Instructions for the task. Leave out all pictures. Return exactly the lines from the top of the material through the line containing "7pcs stainless steel".

Information provided.
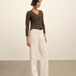 A vintage-inspired V-neck sweater with bracelet-length sleeves, crafted from premium Italian cotton yarn with a 3×3 ribbed structure for added stretch and a snug, flattering fit. Garment-washed for a truly authentic, worn-in feel.
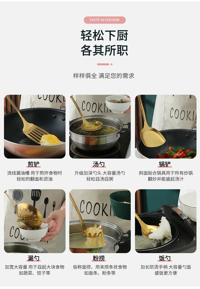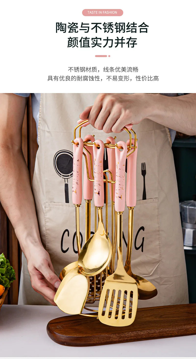 7pcs stainless steel spatula soup spoon kitchenware set cooking spatula kitchen supplies ceramic handle Nordic kitchen tools
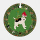 Keep the Santa Wire Fox Terrier image shown, or upload your dog's photo at the prompt for a beautiful and personal Christmas ornament. You will want to keep this memory saver forever. Make one for each member of the family. Don't forget your cat, parrot or other furry or feathered loved one. The lovely Christmas Wreath dotted with red yew berries will serve as a frame for the image you choose. This dog themed wreath includes 12 cartoon style dogs arranged in a circle. You can edit to resize or remove any image. On the back is "Grateful for our good fortune" You can keep the existing text, or replace it.
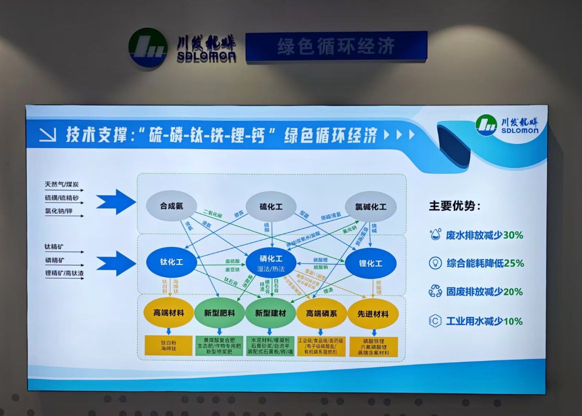 川酒“六朵金花”之一的剑南春通过“机械化+传统工艺”融合,既提升出酒率与名酒率,又保留“续糟配料、混蒸混烧、陶坛储存”的非遗技艺,旗下大唐国酒生态园二期工程投资16.67亿元,建成后将新增基酒年产能3.5万吨、储存能力2.5万吨,新增3000余个就业岗位;川发龙蟒作为硫磷钛循环经济标杆,通过产业链协同,进一步创新升级“硫-磷-钛-铁-锂-钙”多资源绿色循环经济产业链,让废水排放减少30%、综合能耗降低25%、固废排放减少20%,公司工业级磷酸一铵产能可达30万吨/年、稳居世界第一。
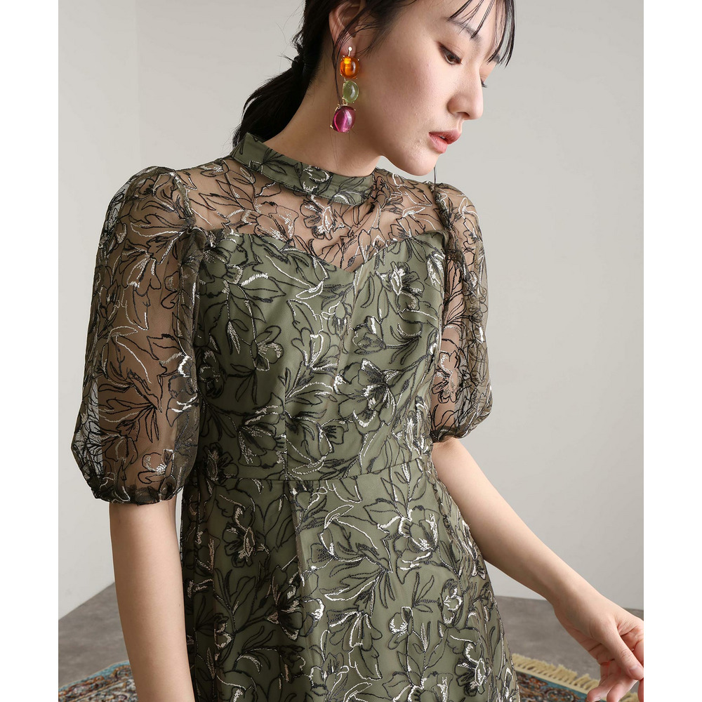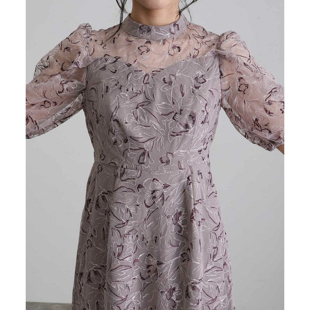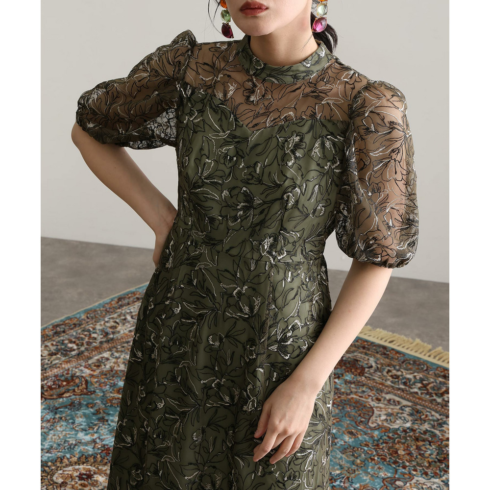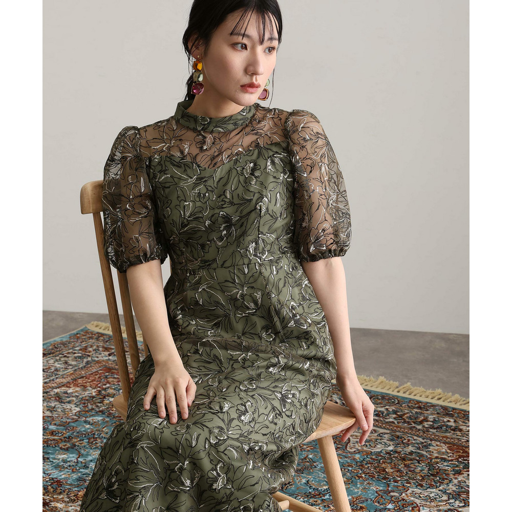 デコルテから袖にかけてのシースルーレースで女性らしい抜け感をプラス。
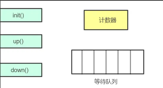 信号量模型可以简单理解为三个操作:一个计数器、一个等待队列、三个方法。在信号量模型里。计数器和等待队列对外是透明的,所以只能通过信号量模型提供的三个方法来访问他们。这三个方法可以理解为: init()、down()、up()。 可以通过一张图片看一下。
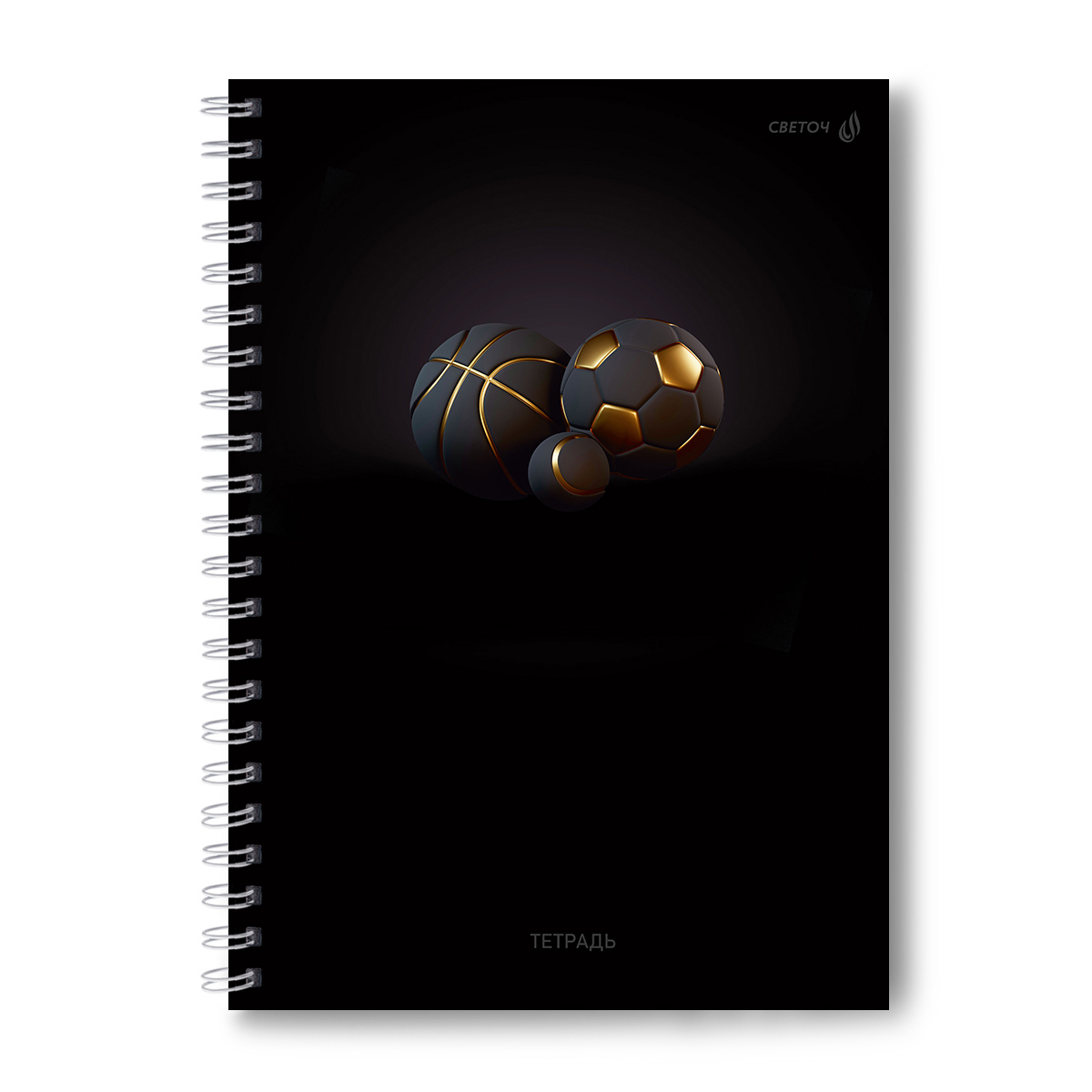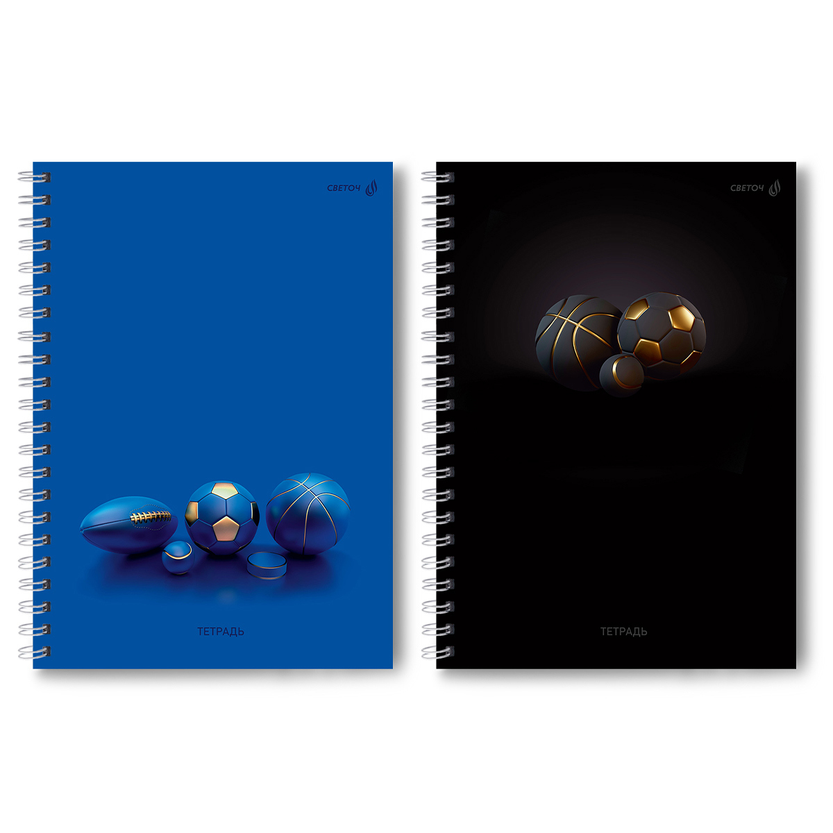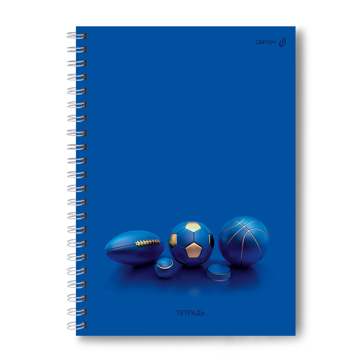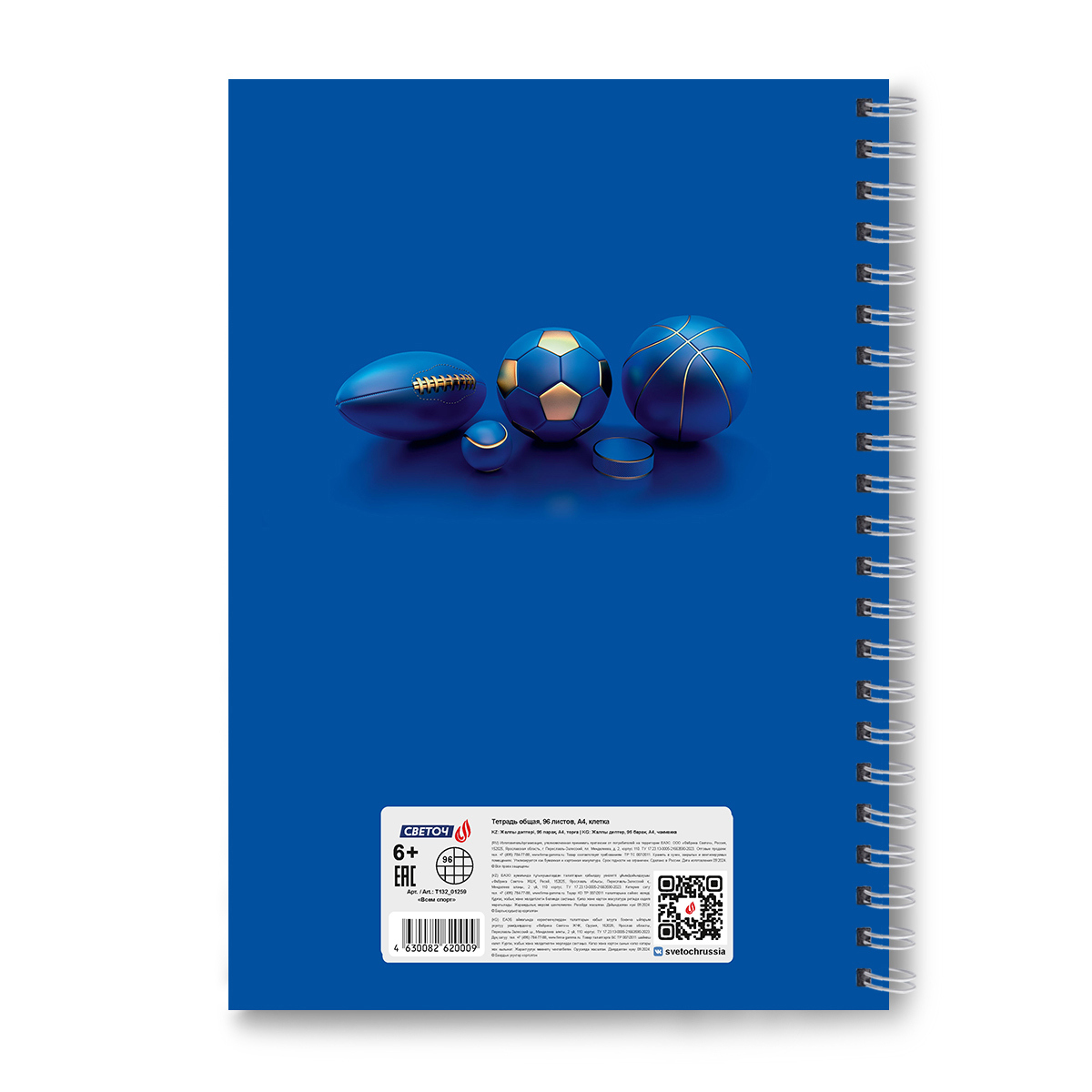 Тетрадь ученическая общая, выборочный УФ лак, A4 96 л. на гребне 65 г/м², белизна 100 %, 4 шт, клетка, 01259 Всем спорт, Светоч Т132
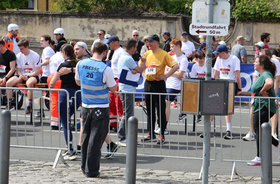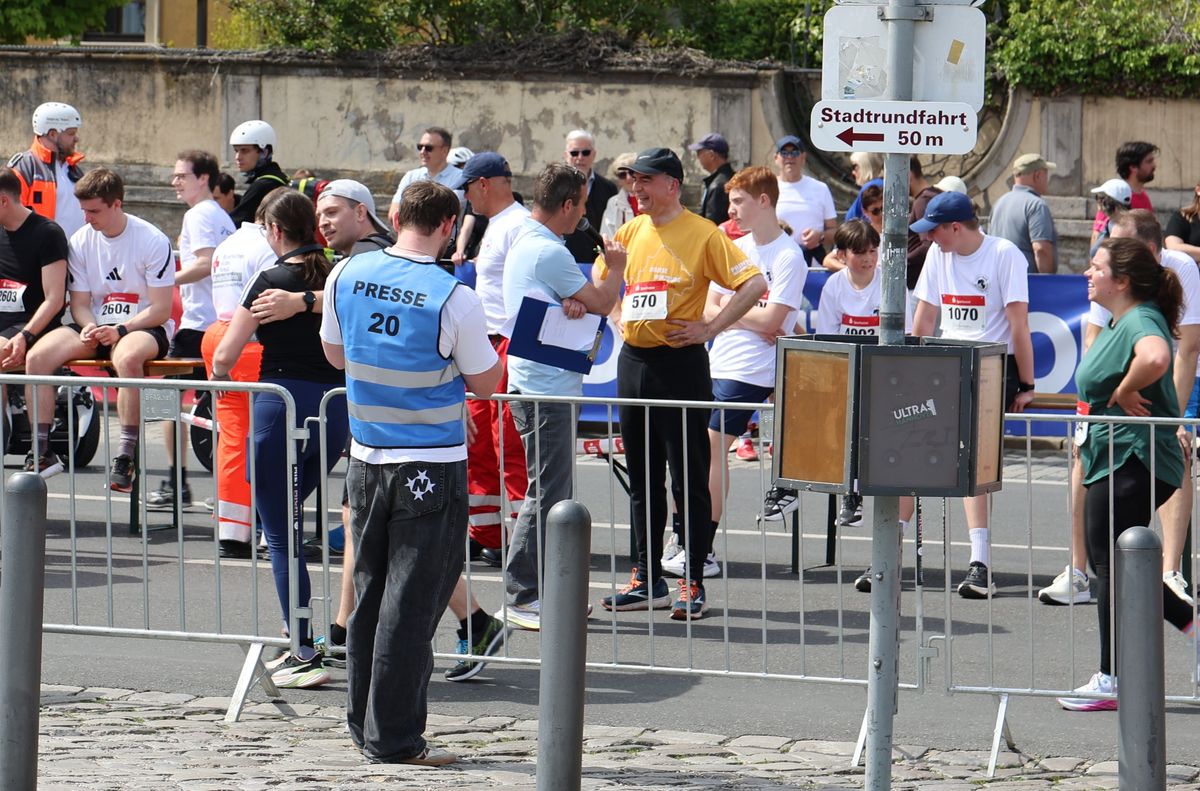 Schnellster Mann des Kirchenteams war Hans-Walter Kranert von der Don-Bosco-Berufsschule Würzburg mit einer Zeit von 21:55 Minuten, schnellste Frau Tina Hartl von der Caritas Einrichtungen gGmbH mit 25:02 Minuten. „Der Sport bietet die schöne Gelegenheit, sich unkompliziert und auf Augenhöhe zu begegnen, sich als Gemeinschaft zu erleben und miteinander etwas Schönes zu unternehmen“, erläuterte Bischof Jung vor dem Start seine Motivation für die Teilnahme. Für gewöhnlich nehmen Bistum und Caritas am Firmenlauf in Eibelstadt teil. Da dieser in diesem Jahr am Vorabend von Christi Himmelfahrt stattfindet, kollidiert dieser Termin aber mit dem zeitgleich startenden 104. Deutschen Katholikentag. Im Ziel wurde der Bischof vom Streckensprecher interviewt und verriet, dass er einmal wöchentlich ein Lauftraining absolviert. Seine Teilnahme am Residenzlauf nannte er „Warmlaufen für den Katholikentag“. Die fünftägige Großveranstaltung vom 13. bis zum 17. Mai sei kein Sprint, sondern erfordere längeren Atem.
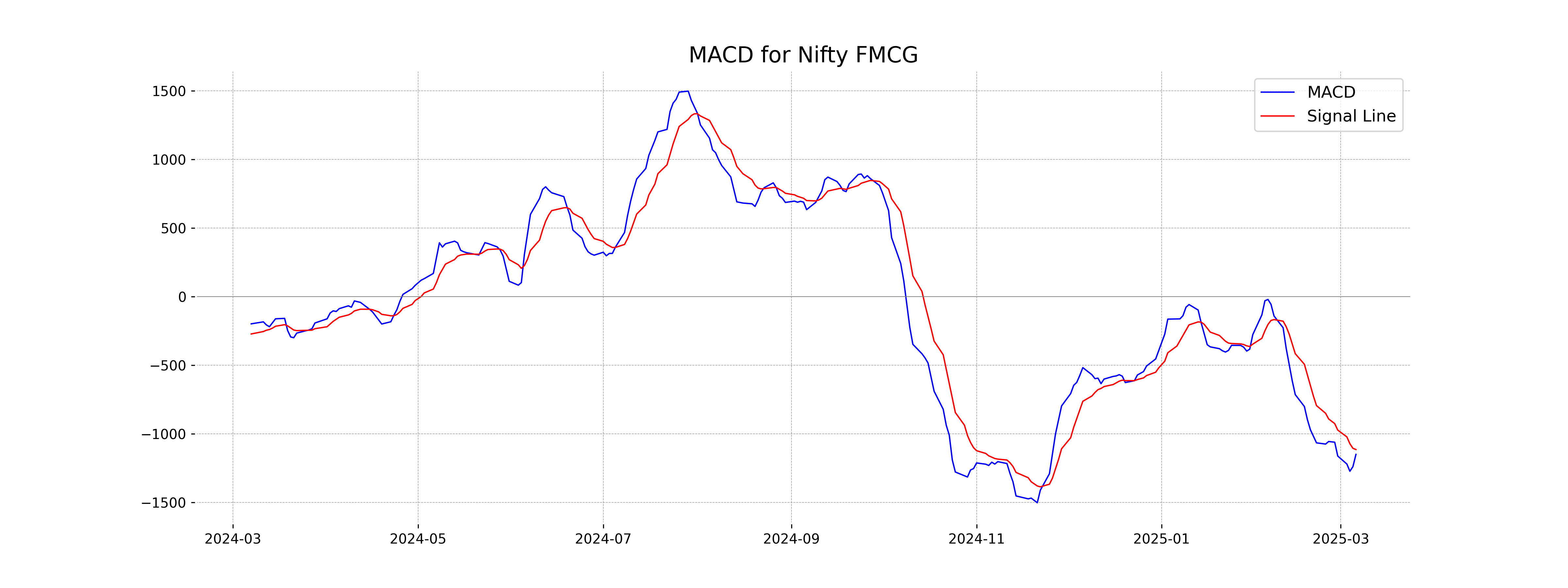 The MACD analysis for Nifty FMCG shows a value of -1149.01, which is below the MACD Signal of -1113.71. This negative divergence suggests a bearish sentiment, indicating potential downward momentum in the market. The RSI value of 38.70 also supports this outlook, reflecting stronger selling pressure.

Response to this task.
 A vintage-inspired V-neck sweater with bracelet-length sleeves, crafted from premium Italian cotton yarn with a 3×3 ribbed structure for added stretch and a snug, flattering fit. Garment-washed for a truly authentic, worn-in feel.
 7pcs stainless steel spatula soup spoon kitchenware set cooking spatula kitchen supplies ceramic handle Nordic kitchen tools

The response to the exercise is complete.